I feel bad for dreams- we put too much pressure on them. They are alternatively omens of future success or trouble, or they are portals into a past we do not want to remember or can never relive. Dreams have a tough assignment: they must decode our emotional responses to, not only the day’s numerous events, but to the day’s immeasurable fantasies, thoughts, and whims; they must express our deepest anxieties and hopes in such a way that we feel some relief without yet knowing the reason; and they must mine our past for those events, feelings, desires, even selves, that we were once unable to confront, and determine which among them is ready for presentation.
The psychoanalysis of dreams is a lot like evolution, in my opinion. It doesn’t get the entire picture, perhaps, but it’s definitely better than anything else out there and it will probably be part of whatever is the final theory. Freud (like his disciple Jung), unfortunately, was equal parts crackpot and intuitive genius. He probably went a little too far with some of his theories, but on the other hand, he was talking about neurotics (which I believe there are exponentially more neurotics now than in his day) and he was pointing out extreme cases (we’re all a little crazy, after all, and at our core, we can each admit to recognizing some feature of ourselves in his theories). Freud did get part of the motivation for dreaming correct; undoubtably, there is a component of what he called “wish fulfillment”, but which we might (because the term is cliched today) refer to as “If I could change this” syndrome (aka The Pygmalion Project). Freud, in his most popular literature at least, did not discuss the other function of dreams, the mundane “defragmenting”, as one metaphor runs, of the day’s emotional responses to events and, often more importantly, to thoughts and fantasies.

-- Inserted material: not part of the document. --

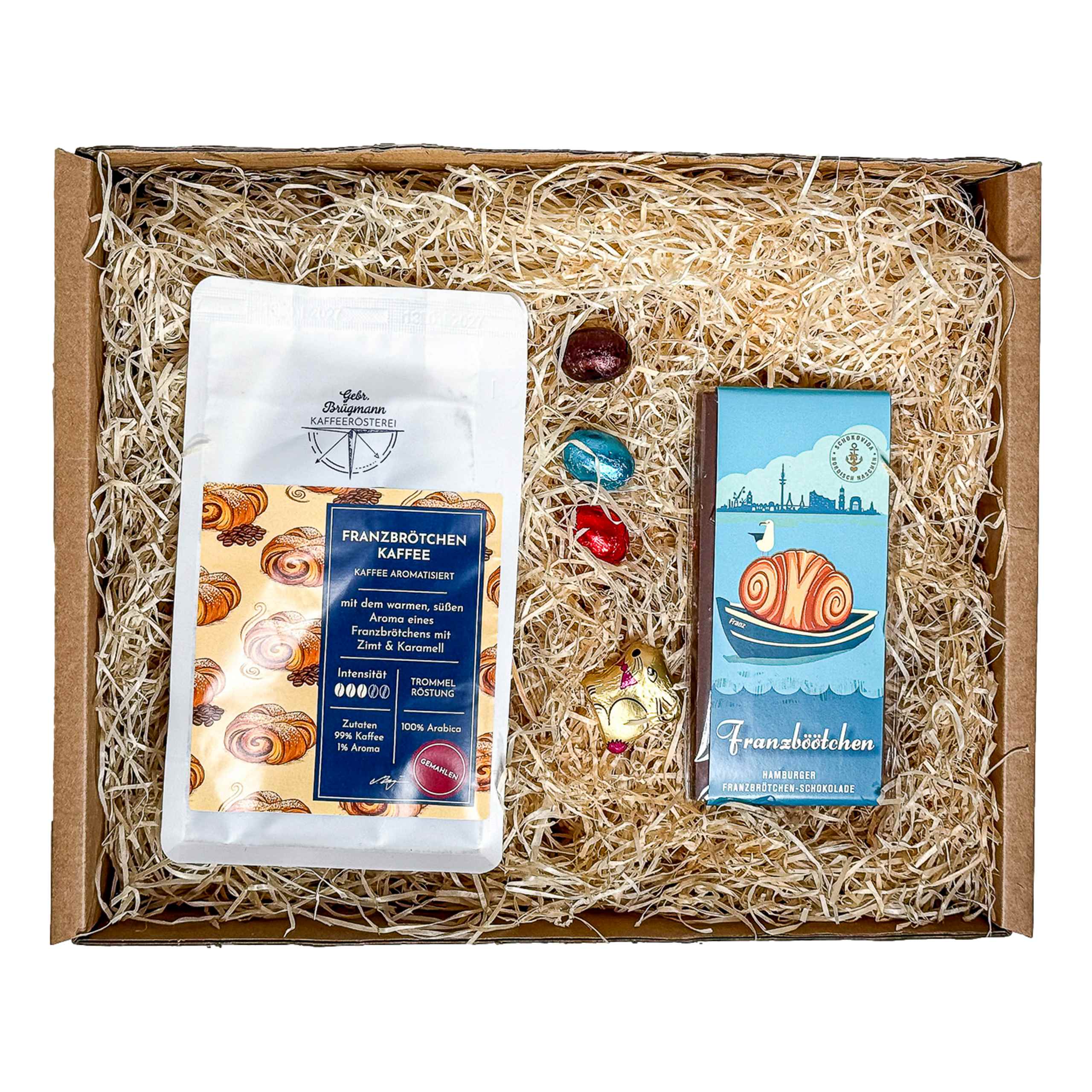 Kleiner Schokoladenhase ist in diesen Geschenk-Boxen enthalten.

For example, I dreamed that Keli was driving my SUV and I was a passenger. There was a family of three in another, very old and delapidated car, heading straight for us. (Aside: This occurred at a stoplight on Crossland Avenue, at Greenwood Avenue) Rather than collide, however, we swapped vehicles. Keli pulled onto Crossland and headed toward Riverside, and the family followed us (we were now in their car, they were in mine). They sat comically in the front row of my car, shoulder-to-shoulder (an impossibility, since I have a center console), staring stupidly ahead. When we got onto Riverside, I told Keli to slow down so that we could swap again. I was very distressed about my vehicle. She slowed a little and I (somewhat critically, hard to believe I know) told her she would have to slow down drastically. My last image of the dream is of that family headed toward us, blandly staring straight ahead like some old, cartoonish nightmare.

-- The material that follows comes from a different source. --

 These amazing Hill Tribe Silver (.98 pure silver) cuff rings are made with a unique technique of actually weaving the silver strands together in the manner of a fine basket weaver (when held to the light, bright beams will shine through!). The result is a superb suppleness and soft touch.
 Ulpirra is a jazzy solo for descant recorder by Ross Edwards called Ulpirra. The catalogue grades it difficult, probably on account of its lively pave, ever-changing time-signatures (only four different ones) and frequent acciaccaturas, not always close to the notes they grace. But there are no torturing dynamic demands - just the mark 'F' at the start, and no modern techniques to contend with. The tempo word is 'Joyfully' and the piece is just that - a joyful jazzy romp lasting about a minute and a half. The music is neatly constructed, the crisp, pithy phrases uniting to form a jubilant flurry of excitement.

What to make of this dream? Well, it is very simple, actually. The vehicle incident combined with the acute anxiety I felt about my vehicle’s saftey is symbolic of several events that occurred yesterday. While house cleaning (with pneumonia, fyi, bad girl!) Keli (or someone helping her, as she did have help!) put some unprotected DVDs I had burned into my computer bag; when I found them later, I was worried they would be scratched and unusable. Further, someone put a paperback book I had been annotating (“As I Lay Dying”) into the drawer of my bedside table, and then shut the drawer. It must have taken great effort to shut the drawer, because the book’s front cover was torn long-ways (the drawer was rather full and the book really didn’t fit). Anyone who knows me knows the value I place on books (I couldn’t even trash a Stephanie Meyer book), and this was a Faulkner book I had had for ten years. Thus, the strange car-swap becomes a metaphor for events that disturbed me during the day, with poor Keli assuming the role of fault (even though she was innocent, that’s what spouses do, and I love her very much!) because dreams (like movies) prefer to condense and simplify. As for the carttonish family, for two days, a member of that family has stopped me as I tried to go somewhere (they have otherwise ignored me, but it’s semester’s end and they suddenly care about their kid’s grade in my class). The cartoonish, facially neutral, comically stupid and bland, persons in my hijacked vehicle were none other than that family- the perfect representatives of destruction and decay in my mind (harsh, but true).
Of course, there are other dreams that I could discuss, but then again, who wants to know THAT much about someone else? Would any of us want the “wish fulfillment” dreams shared with the world (even if it was a non-sexual desire)? That’s probably the final burden of dreams- we don’t want to acknowledge them, even to ourselves, because they are intensely personal. Often, they are the dreams of the person we fear that we are, and not our own dreams. Nonetheless, they truly are ours, like it or not; they are the gift we do not want to receive. However, open it up and take a look, and what you once thought to be a burden might turn out to be a revelatory blessing, instead.